Cost of Control 2010: The Good, the Bad and the Ugly

Last week, Basware released ‘Cost of Control 2010’, the second annual global study producing insight into the opinions and priorities of 550 finance executives around the world. In an interview with gtnews, Adrian Done, Professor of Production, Technology and Operations Management at Barcelona’s IESE Business School and one of the authors of the report, explained the main differences between the survey findings in 2009 and 2010.

“In 2009, most companies were in survival mode, but in 2010 we are seeing a move towards revival, with guarded optimism,” Done explains. “Last year, the finance directors and CFOs [chief financial officers] were stunned by the amount of risk in the supply chain. This year they have realised important gains that comes with a good relationship with procurement, which are seen as the gatekeepers to the supply chain.
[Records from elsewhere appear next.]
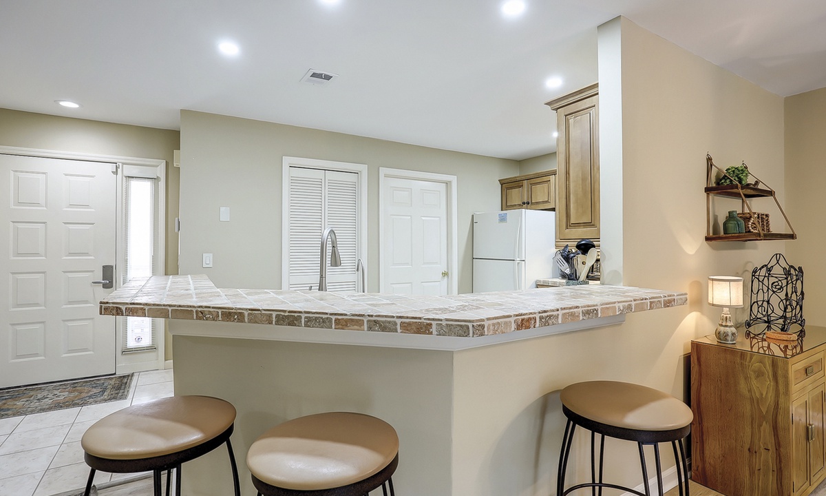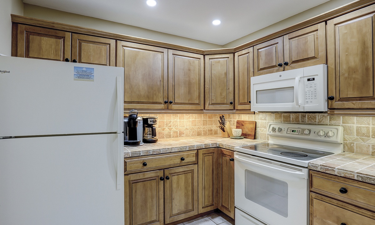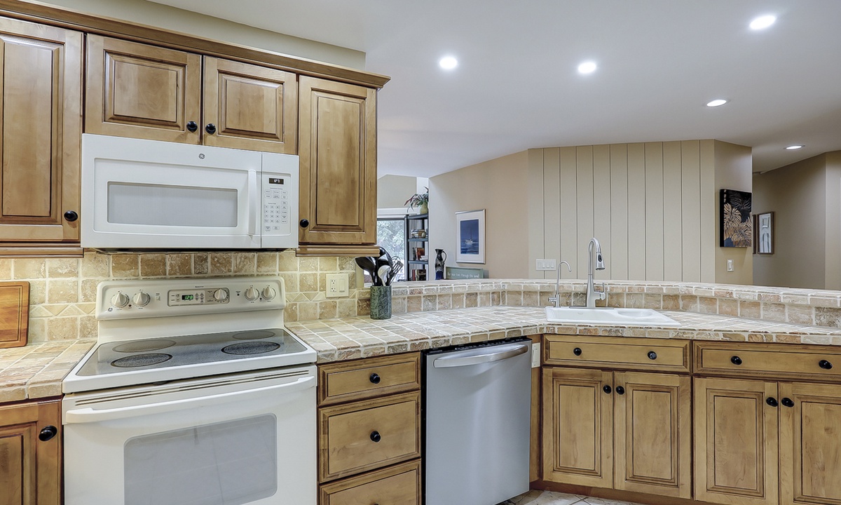 Just off the living area is the dining space with seating for 6. Beyond you'll find the updated kitchen with solid maple and oak cabinets, tiled counters and a Keurig coffee maker.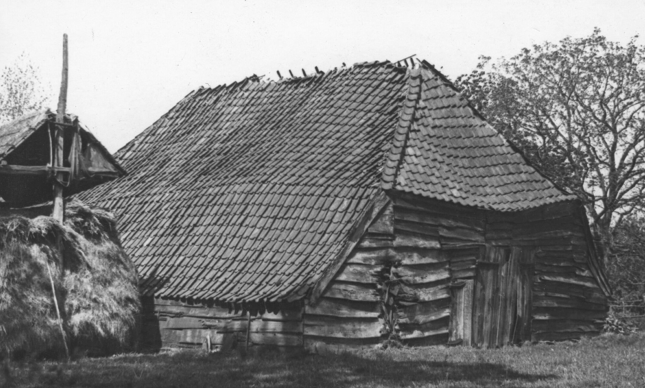 Houten schuur, De Kraats, 1936 (zwart-wit foto)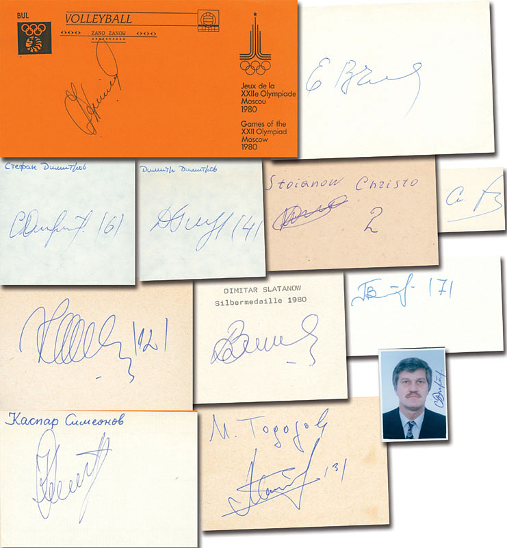 Silbermedaille im Volleyball Herren für Bulgarien bei den Olympischen Spielen 1980. Stojan Guntschew, Dimitar Slatanow, Christo Stojanow, Dimitar Dimitrow, Zano Zanow, Stefan Dimitrow, Petko Petkow, Mitko Todorow, Kaspar Simeonow, Emil Waltschew, Christo Iliew, Jordan Angelow. 1 Foto, 11 Blancobelege, 15x10 bis 5x4 cm. KOMPLETTES TEAM!.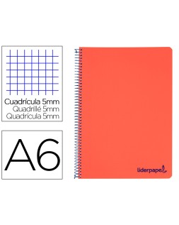 Cuaderno espiral liderpapel a6 micro wonder tapa plastico 120h 90 gr cuadro 5mm 4 bandas color rojo

“In 2010, there are the good, the bad and the ugly in the survey findings. The good is that there is some optimism of recovery and companies are in a positive mood. The bad is that despite 12 months of trying to integrate processes between finance and procurement, we are still a long way off and at the seedling stage of cementing relations between finance and procurement. The ugly part, possibly as a result of the increased knowledge of the whole procurement and supply chain issue, is that CFOs and financial directors are even more aware of their contribution to the financial risk of a company. It is ugly but understandable. Clearly what has to happen is that the procurement and finance departments have to start talking.”

Done makes the point that in order to start the discussion, good quality financial information is needed. “The conclusion is that without excellent information flows, particularly between procurement and financed departments, internal decision making cannot take place and there will always be a lack of confidence on the part of CPOs [chief procurement officers] and CFOs because they don’t feel properly informed. There is a crisis of confidence in the broader economy, but the same thing is happening within companies and supply chains because people are making decisions based on information that they don’t have confidence in. One way to solve this problem is to sit down and put in place processes so that they are sharing good quality information.”

But even though 2010 is experiencing a revival, where many companies are talking about increasing profits and making new investments, cost control remains a key issue.

“Moving forward, finance directors/CFOs are still faced with big challenges: most of the low hanging fruit is gone in terms of cost reduction and supplier stability issues are still there. But the good thing is that people have woken up to the challenges,” he says.